Every vote counts - the question is how to count them


By TAMELA BAKER
tammyb@herald-mail.com

ANNAPOLIS -
It's a fundamental American privilege, but in the politically charged world of election-year lawmaking, even the simple act of voting has sparked sharp disagreements between the parties in the General Assembly.

It started with a number of election law changes approved last year by the General Assembly, but vetoed by Gov. Robert Ehrlich. The changes included allowing five days of early voting and letting voters cast "provisional" ballots in other precincts besides their own, anywhere in the state. The General Assembly overrode the governor's vetoes early in this year's session.

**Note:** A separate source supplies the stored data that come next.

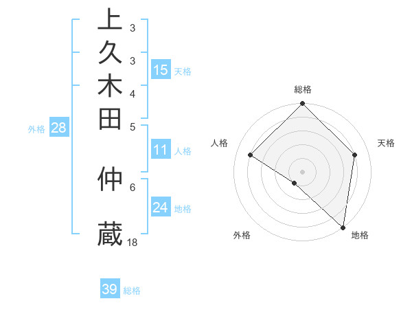 上久木田 仲蔵さんを姓名の画数から五運を鑑定
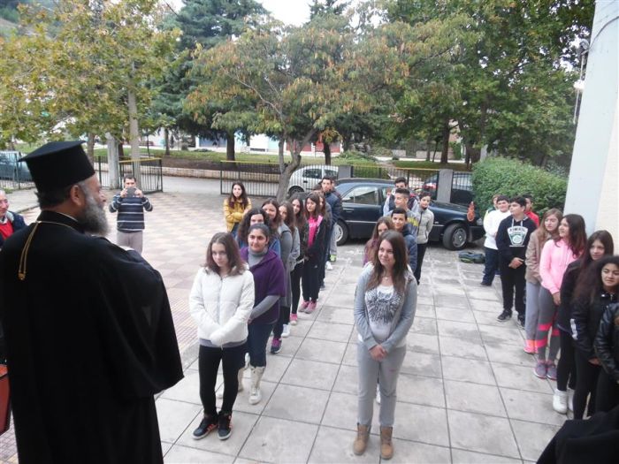 Ο Σεβασμιώτατος Μητροπολίτης Θεσσαλιώτιδος κ. Τιμόθεος, το πρωί της Τρίτης 25 Οκτωβρίου 2016 επισκέφθηκε τις σχολικές μονάδες του Γυμνασίου Κέδρου και του Γυμνασίου-Λυκείου Λεονταρίου συνοδευόμενος από τον υπεύθυνο του Γραφείου Νεότητος της Ιεράς Μητροπόλεως π. Παναγιώτη Καλλιώρα.
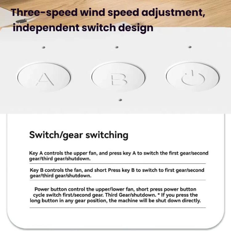 1. Dual-Heads with Independent Control & 3-Speed Settings: A and B buttons separately manage upper/lower fans (short press cycles through low/medium/high/off). Power button controls both fans simultaneously. Long press any button for instant shutdown. Customize airflow direction and intensity for personalized comfort.
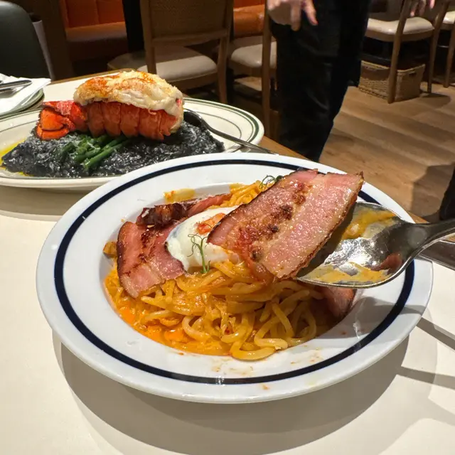 百訪不厭,食物水準👍亦係食梳乎厘pancake嘅好地方隔咗一排再去,又見有新菜式推出🔅Lobster squid ink risotto $228龍蝦肉已被細心處理剝殼,肉質彈牙,帶少少焦香墨魚汁味道好濃郁,但係只要伴上蕃茄粒粒一齊食,就可以減低膩感🔅Korean Kimchi Pork Pasta $158厚切嘅蜜糖鹿兒島煙肉,甜甜地又軟嫩醬汁加入泡菜,聞落香噴噴,又手工意粉做到al dente,又掛汁🔅Mango Pomelo Sago Pancake $138梳乎厘pancake 充滿蛋香、空氣感十足,軟綿濕潤配搭爽甜嘅甘柚同芒果,而血橙醬帶酸,整體清新,超滿足…查看更多
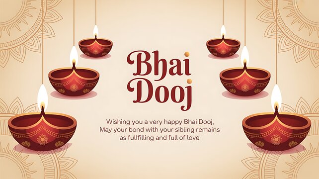 Happy bhai dooj festival with glowing diyas and ornate pattern on beige background
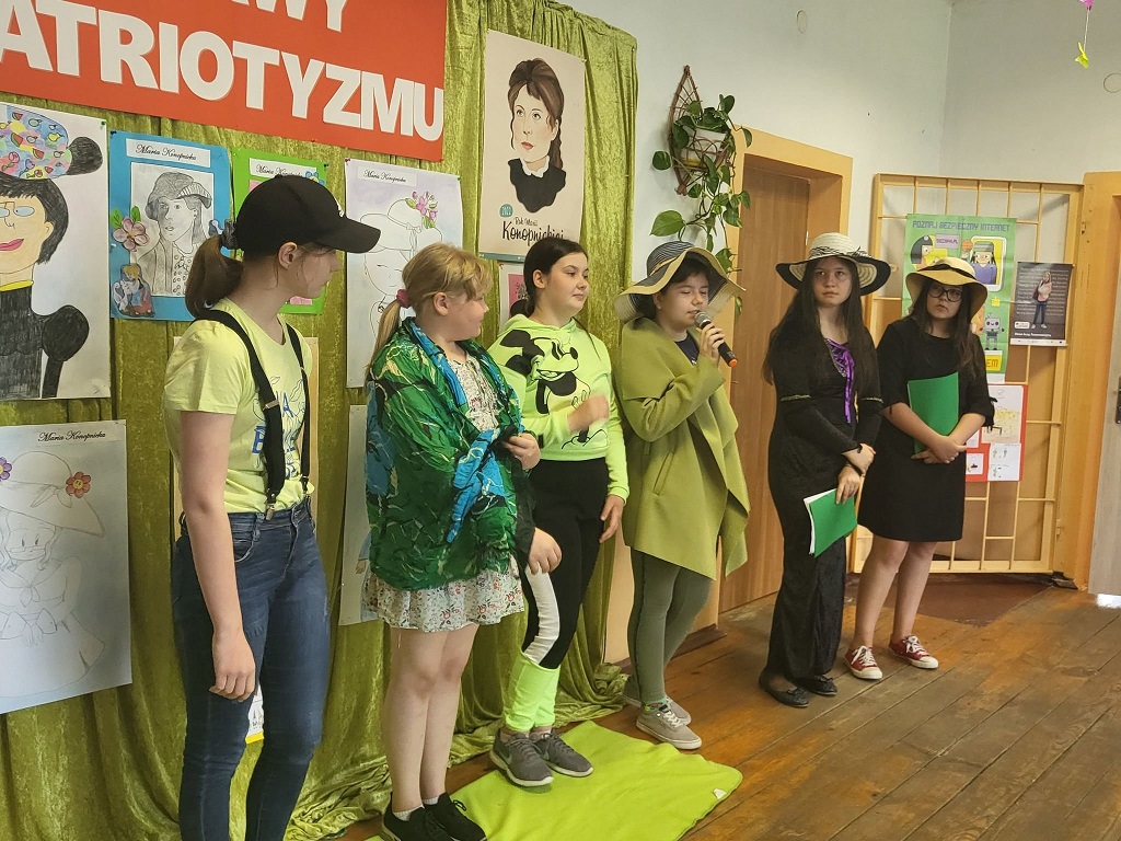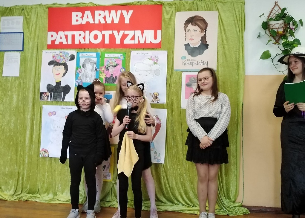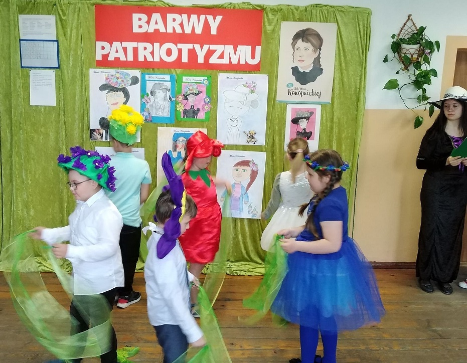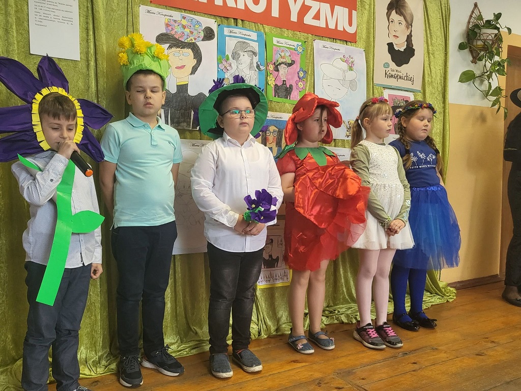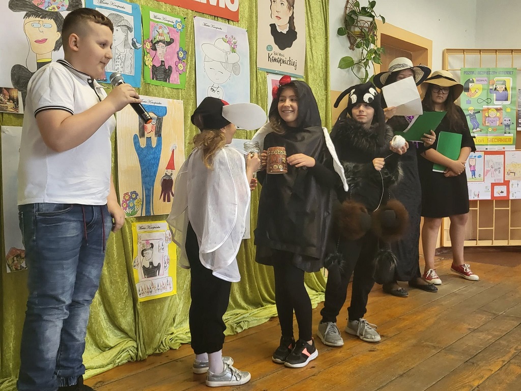23 maja przypada 180. rocznica urodzin Marii Konopnickiej - polskiej pisarki, poetki, tłumaczki, publicystki oraz patrona naszej szkoły. Sejm Rzeczypospolitej Polskiej doceniając literacki dorobek Marii Konopnickiej oraz jej wkład w działalność patriotyczną ustanowił 2022 Rokiem Marii Konopnickiej. W uchwale oceniono, że Konopnicka „była jedną z najwybitniejszych pisarek w historii polskiej”. My też dzisiaj pamiętaliśmy o naszym patronie. Młodsi uczniowie zaprezentowali utwory wyjątkowej pisarki. Przedszkolaki jako krasnoludki opowiedziały niezwykłą „bajkę czy nie bajkę o krasnoludkach, które na pewno są na świecie!”. Pierwszoklasiści jako sasanki, stokrotki, niezapominajki, konwalie i maki zachwyciły pięknym widokiem i przybliżyli wiersz „Nasze kwiaty”. Natomiast uczniowie z klasy II i III przedstawili „Komedię przy myciu”. Biedne kotki Filuś i Żuczek wpadły w ręce Zosi i Julki, oj było krzyku co niemiara, ale „ Kto się myje, ten jest gładki...”. W kolejnym utworze „ Muchy Samochwały” muchy zadzierające nosa i przechwalające się skończyły w pajęczej sieci. Uczennice z kl. IV- VI przedstawiły „Stefka Burczymuchę” kolejnego chwalipiętę oraz „Pana Zielonkę”.
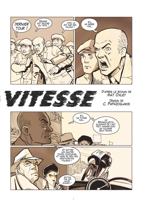 Christian Papazoglakis met en scène ce roman graphique de manière assez brillante. Pas facile pourtant d’évoquer la vitesse, de dessiner les machines de façon réaliste mais sans tomber dans le rendu trop froid et figé de l’hyper réalisme. Il opte pour un trait simple qui va a l’essentiel avec une mise en couleur en bichromie renforçant le caractère historique de l’ouvrage.
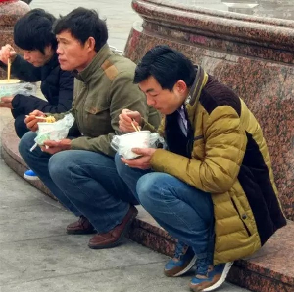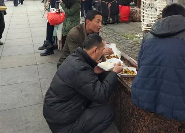 ▲为了准点赶上回家的火车,有的人一早就到了车站,还没来得及吃上一顿饱饭,只能就着方便面或者快餐填饱肚子。
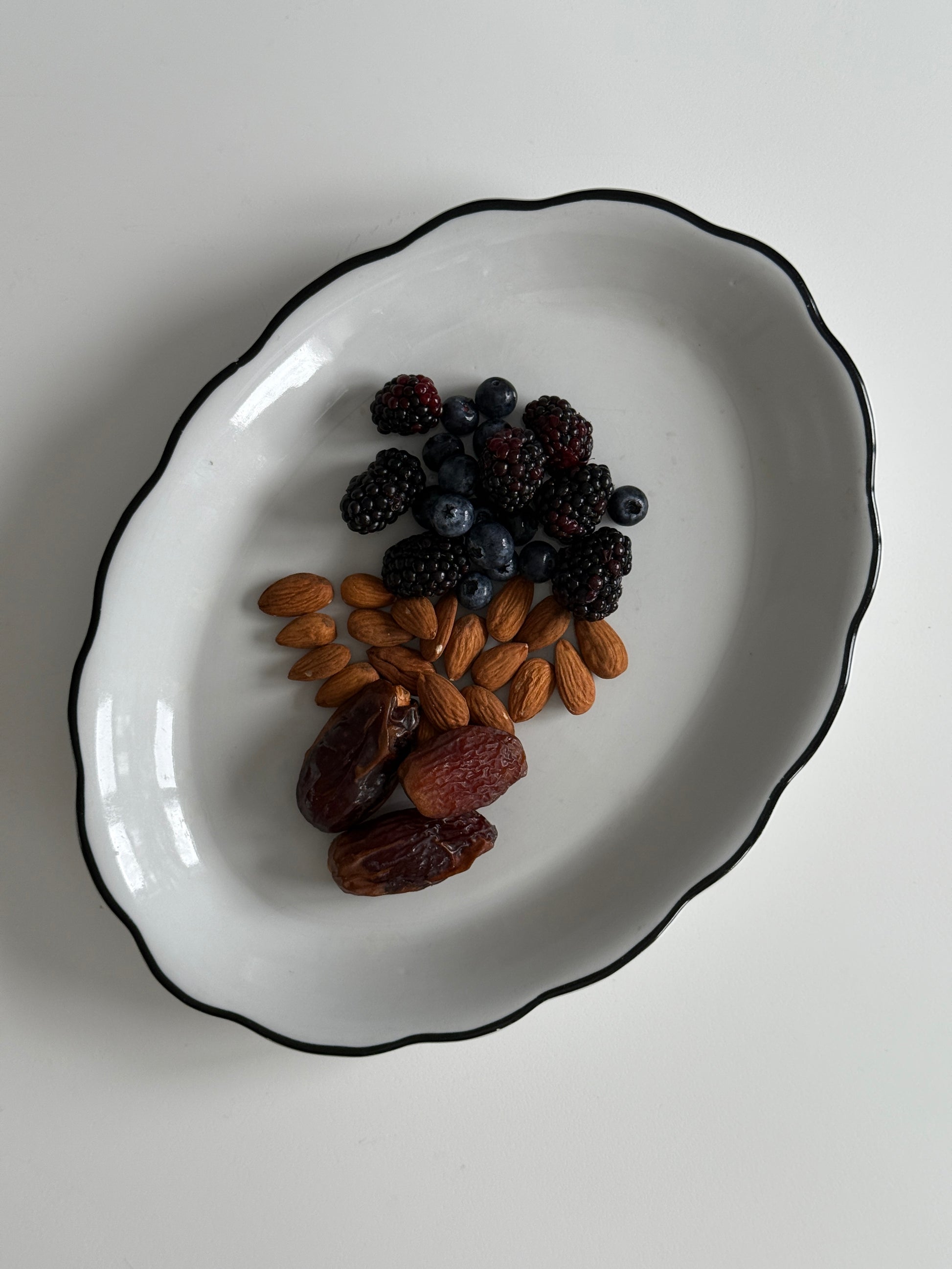 These minimalist white ceramic plates from Poland feature a sleek black rim, perfect for modern table settings.

While the official arguments for the changes were to provide more opportunities for citizens to vote, opponents sensed the real reason had less to do with who was occupying voting booths than with who was occupying the governor's mansion. They feared the changes would allow people to vote early and often - and defraud the upcoming election.

...snip

But other changes loom that could affect this year's elections.

Although the state recently spent millions to install touch-screen voting terminals throughout the state, several bills offered this year would require "paper trails," allowing voters to review a paper receipt of their completed ballots.

Proponents argue that paper trails would protect elections from mistakes and fraud; opponents say Maryland voters aren't particularly worried about the integrity of the state's elections and that changing the system now would create more problems than it would solve.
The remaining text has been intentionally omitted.